0 3aa0fBy George L. Nitti

According to Manager Amy Gibson of Michael's Towing and Recovery in Fredericksburg, Va., their resplendent 2012 Kenworth/Century 1140 is a big hit with customers.

"Our customers absolutely love it," she said.

Gibson said that Michael Powell, who has owned the company for 24 years, takes great care and pride in decorating his trucks.

Indeed, there is much to admire about this award-winning unit, with its bold and bursting array of colors.

"He does it with all of his trucks," Gibson said, which includes 14 units that range from light- to heavy-duty, including transport and service vehicles.

"I call it the 'Elite Fleet.' They are so beautiful to look at," she said.

Like a peacock with its brilliant colors, this unit stands out, beginning with a classic base of white and green.

"Michael went with green because it is not a common color found on many tow trucks and he likes to be different. The colors weren't too overwhelming either," she said.

From that base the unit begins to explode with several other colors, including rainbow shapes, lines, streaks and tribal flames.

"It is kept very clean, like all of his trucks," Gibson said. "You want your trucks to be clean and presentable when you show up at the scene.
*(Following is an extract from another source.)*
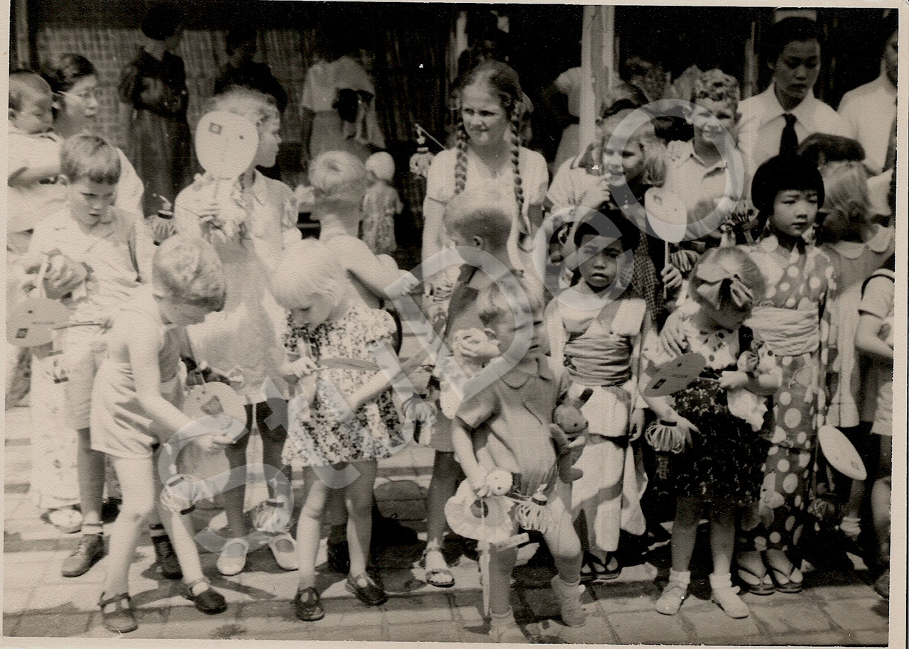 Beschreibung: Kinder spielen, japanische Kinder dabei. Manfred Müller (rechts oben mit Lockigem Haar und lachend), li. davon seine Schwerter Eva Müller (mit Zöpfen), Klus Müller ganz vorne li. seinen Fächer anguckend.

We believe it makes it more comfortable for someone being towed to be approached by a professional-looking truck."

There are several features that further set this unit apart.

"Michael created a twin steer on a 1140 rotator, which is unique in the industry," Gibson said. "You don't see that on 40-ton rotators."

Then there is the Roto Ray warning light on the grill, which spins and is fully functional, the suicide driver door, and a night scan light tower.

Perhaps the quote on the back of the cab sums it up best: "Tough Act to Follow."

(Note: This article originally appeared in the February 8, 2017 edition of Tow Industry Week)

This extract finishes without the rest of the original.